Try it.
An unchanged copy of every record below, without pictures, is the goal.

Stored dataset items.
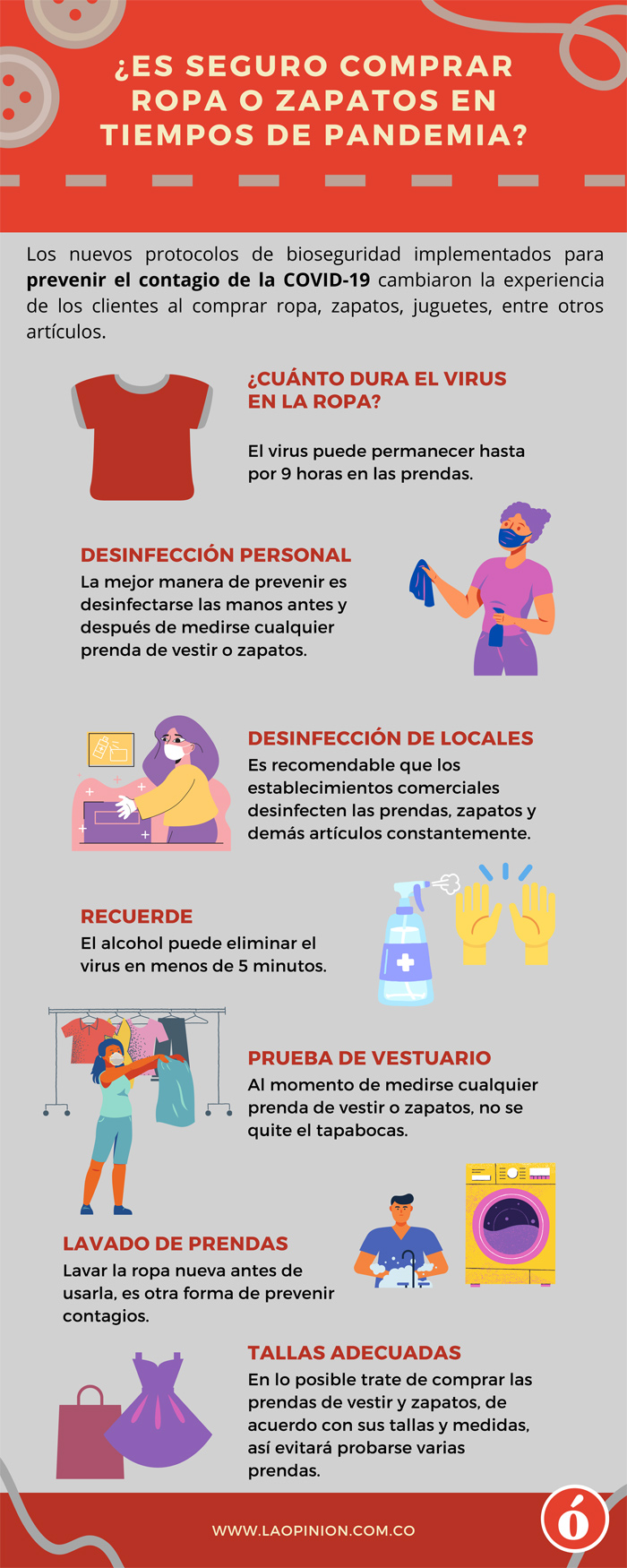 La Opinión consultó con Daniel Contreras, secretario ejecutivo del comité médico de la Secretaría de Salud de Cúcuta, quien señaló que, comprar ropa o zapatos en la situación actual, si puede generar un alto riesgo de contagio, ya que el virus permanece hasta por 9 horas en las prendas.
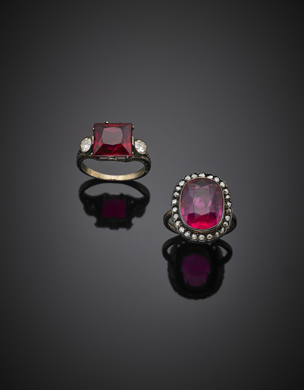 Two synthetic ruby, round and rose cut diamond, gold and silver rings, in all g 10.99 size 12/52
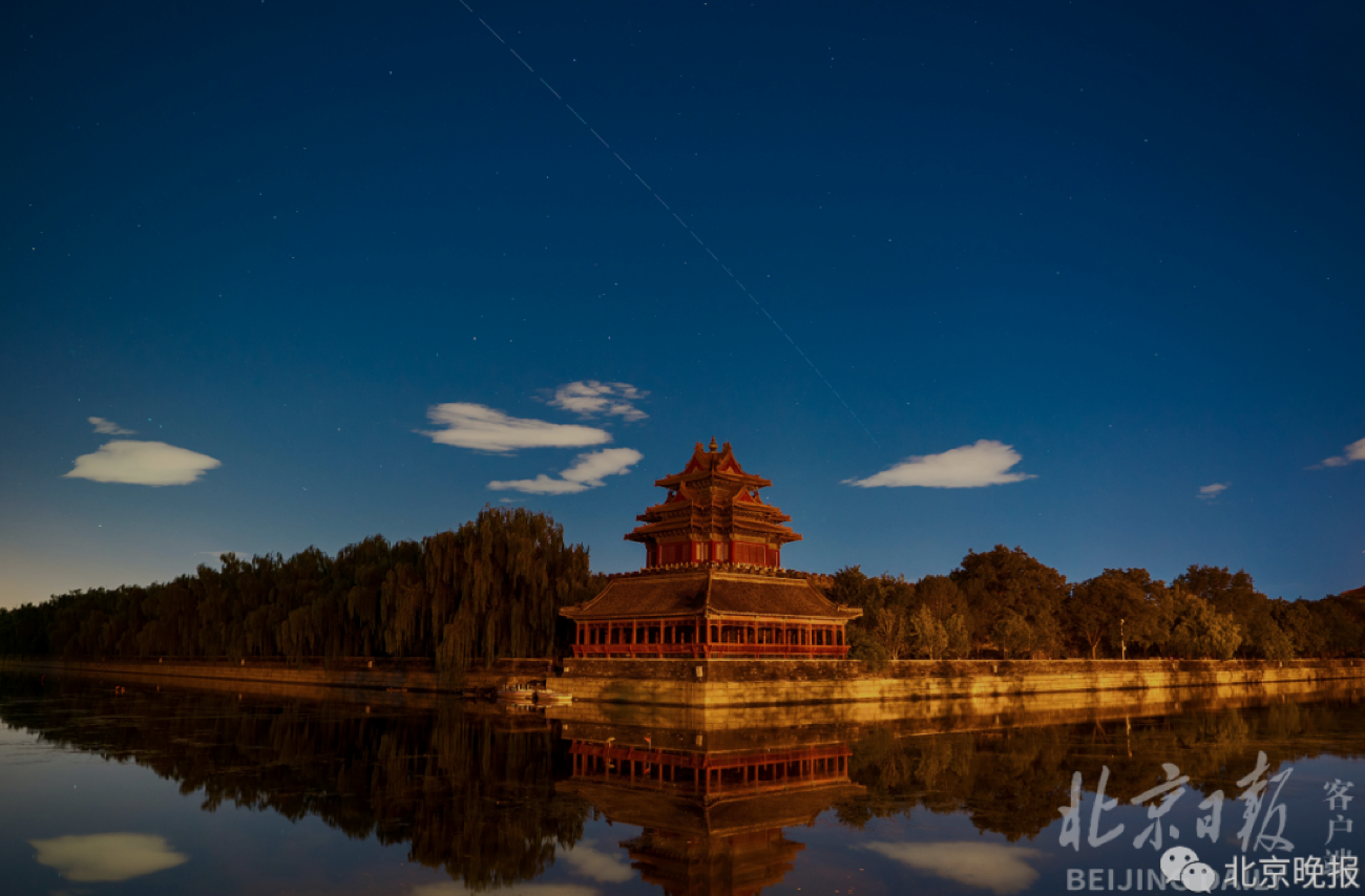 (8月25日,中国空间站在故宫角楼上空划过。)
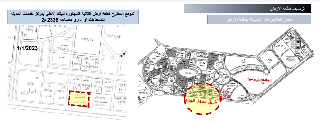 قطعه ارض الثانية المجاورة للبنك الاهلي بمركز خدمات المدينة بنشاط بنك او اداري بمساحه 22336 وسعرها التقديري 9190 جنيه مصري للمتر²
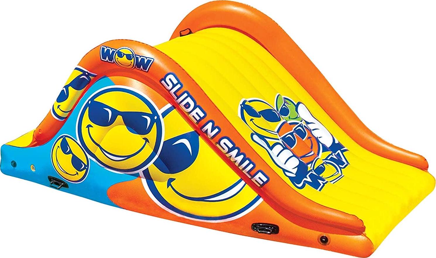 – Giant Pool Slide: WOW Sports’ Giant Smiley Floating Water Slide is a 2 lane water slide with HI-VIS graphics. It s a giant pool slide that can make a great dock as well..Assembly Required: NO
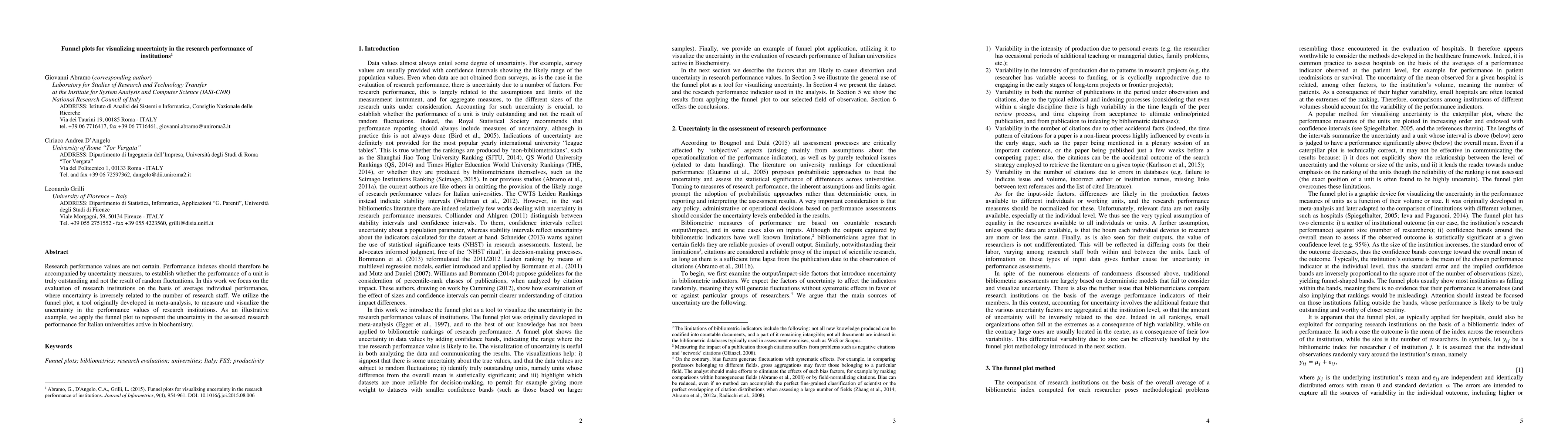 This paper proposes using funnel plots to visualize the uncertainty in research performance of institutions, arguing that performance indexes should include uncertainty measures. The authors apply this method to Italian universities in biochemistry to illustrate how funnel plots can help determine if high performance is genuine or due to random fluctuations.

Answer to the exercise.
 La Opinión consultó con Daniel Contreras, secretario ejecutivo del comité médico de la Secretaría de Salud de Cúcuta, quien señaló que, comprar ropa o zapatos en la situación actual, si puede generar un alto riesgo de contagio, ya que el virus permanece hasta por 9 horas en las prendas.
 Two synthetic ruby, round and rose cut diamond, gold and silver rings, in all g 10.99 size 12/52
 (8月25日,中国空间站在故宫角楼上空划过。)
 قطعه ارض الثانية المجاورة للبنك الاهلي بمركز خدمات المدينة بنشاط بنك او اداري بمساحه 22336 وسعرها التقديري 9190 جنيه مصري للمتر²
 – Giant Pool Slide: WOW Sports’ Giant Smiley Floating Water Slide is a 2 lane water slide with HI-VIS graphics. It s a giant pool slide that can make a great dock as well..Assembly Required: NO
 This paper proposes using funnel plots to visualize the uncertainty in research performance of institutions, arguing that performance indexes should include uncertainty measures. The authors apply this method to Italian universities in biochemistry to illustrate how funnel plots can help determine if high performance is genuine or due to random fluctuations.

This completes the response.